ChAFTA took about a decade to complete and led to zero tariffs on many goods, but RCEP is still in its infancy.The main issue is not whether a review of ChAFTA is possible, but how to prevent the looming prospect of Canberra and Beijing retreating from the current commitments directly or indirectly that would effectively reduce the pact into a state of coma.
As ChAFTA goes for review in December, the most likely outcome could be both countries agreeing to maintain the deal’s status quo. If any of the parties wishes to terminate the pact, there is a six-month notice period after which they can leave, with or without a review.

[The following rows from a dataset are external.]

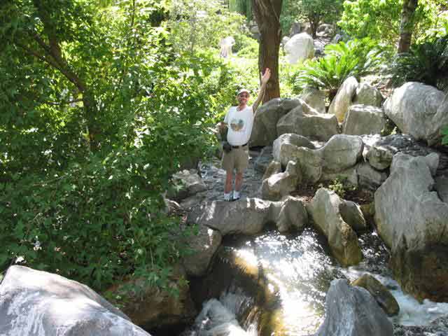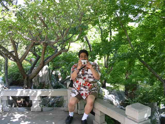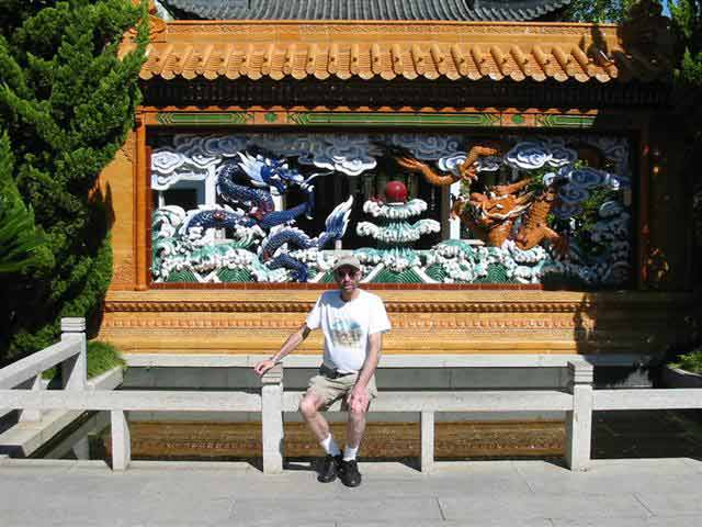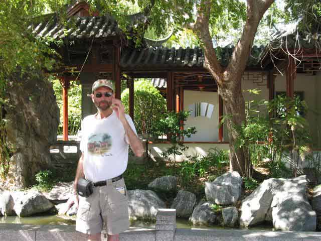 Monday, 7 April 2003 - (35 KB) Tom outside the Chinese Friendship Garden |
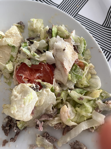 The condiments are not balanced in the sandwich. A good shawarma should have a nice balance, this one was a salad wrap. I felt like I was eating a salad as opposed to a shawarma there was so much salad in the sandwich, so many tomatoes, the little meat that they had was bland and had a weird/chewy texture, and the bread was badly wrapped.
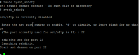 The Secure FTP service is not enabled by default on a JACE. If you did not enable it from the menu in the step above, you will have to start it now. First, try issuing the command tsudo syssh_sshcfg at the shell prompt. If the command fails, issue the syssh_sshcfg command. If it fails again, take these steps...
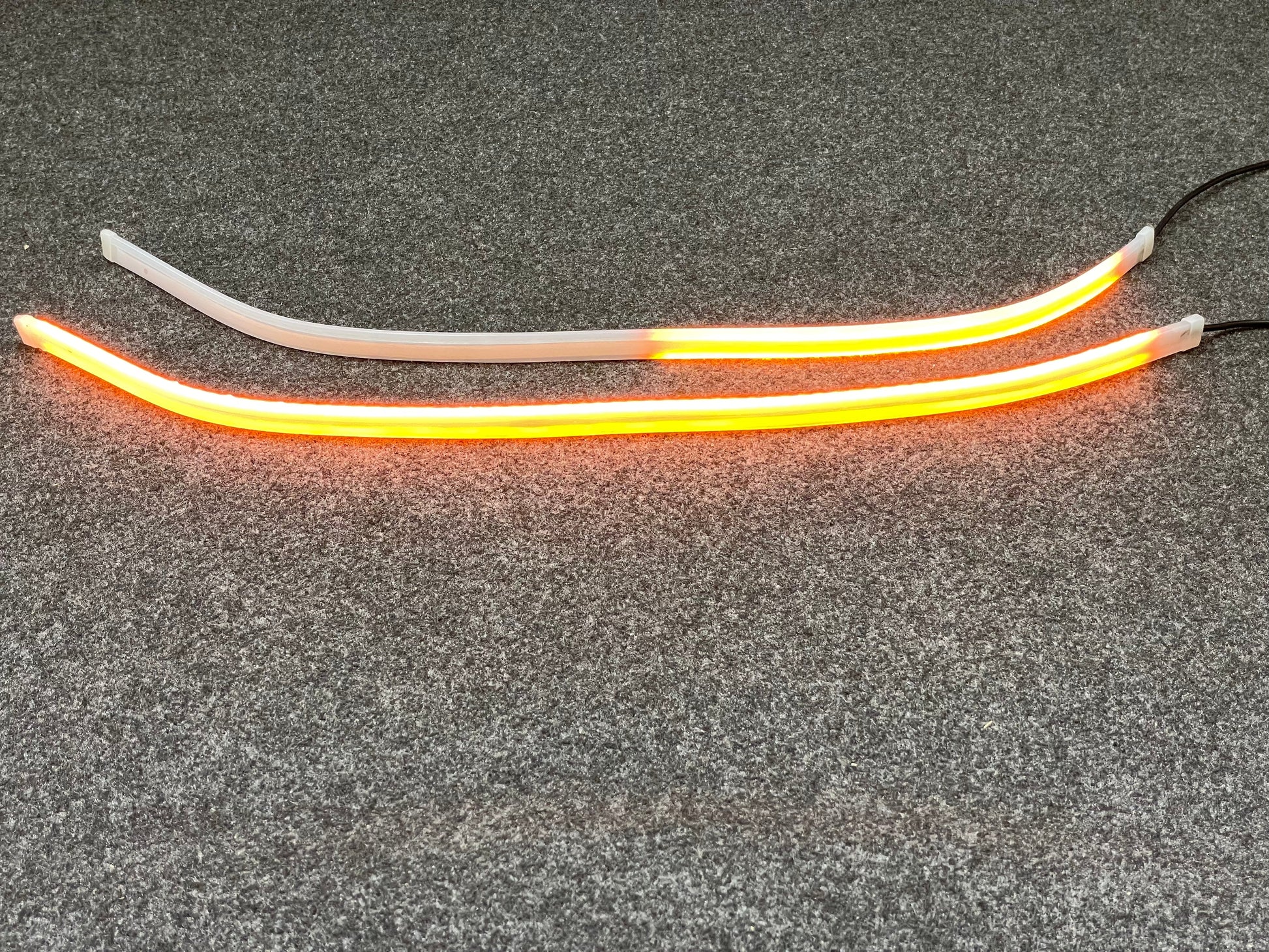 Le strip Andre.lux sottili si illuminano in modo denso e omogeneo come fossero neon morbidi e flessibili.

Still economic partners, but political rivals
Today, China has positioned itself as Australia’s largest trading partner. Moreover, Australia strongly benefits from its close proximity to the vast markets of China and Japan which together represent over 40% of all Australian exports, in which a little over 32% amounting to $89.2 billion, are exclusively to China, as data from 2019 show. Despite this, Canberra and Beijing remain at odds politically.
Exercise Malabar 2020 and beyond
One of the striking questions in the strategic circles of all Quad partner countries is, will Australia continue to take part in the annual Exercise Malabar in the coming years, annoying Beijing further?
While Japan is a strategic partner in the Quad, ties with China are moving on an adversarial path, particularly worsening since Canberra took part in the annual Exercise Malabar in the Indian Ocean this month, after a gap of 13 years since it left the mega naval war games.
The exercise by the four Quad partners of India, United States, Japan, and Australia is apparently a warning to Beijing’s naval ambitions in the waters of the Indo-Pacific.
Supply Chain Resilience Initiative
In fact, all the Quad partners and other democracies in the Indo-Pacific wish to decouple itself from over trade dependency on China. But, domestic economic realities prove otherwise. With a raging pandemic and the unravelling US-China cold war threatening supply chains, Japan has recently put forward an idea – the Supply Chain Resilience Initiative or SCRI.
It is a trilateral approach to trade, with India, Australia, and Japan as the key-partners aimed at diversifying its supply risk across a group of supplying nations instead of being disproportionately dependent on just one, apparently keeping China in mind.
Despite all these measures, the prospect of closing of huge Chinese markets for Australian exports, owing to a disproportionately high level of tariffs is haunting domestic producers in Australia that could potentially make Australian wine largely unmarketable and non-feasible in Chinese markets.
Ineffective diplomatic efforts
Current Australian PM Scott Morrison has been trying to bridge gaps in a reconciliatory tone by stating that his government’s actions are wrongly seen and interpreted by some only through the lens of the strategic competition between China and the US. But, Beijing doesn’t seem satisfied, as evident in the decision to impose the recent set of disproportionate tariffs on wine.
Loss of businesses for Australian domestic producers is already hurting the Australian economy badly as goods remain stalled at ports. But, the behemoth of Chinese economy appears to be largely resilient to adverse impacts, compared to the Australian economy.
Way ahead
Australia’s producers and farmers are largely unhappy and unsatisfied with the way Canberra is dealing with Beijing as it directly threatens their livelihoods.
As things turn out worse, Canberra will have to strategise newer options to effectively balance geostrategic and economic considerations with regard to Beijing, possibly through the diplomatic route, in a way to immediately diffuse the prevalent confrontational approach to come out of this diplomatic impasse.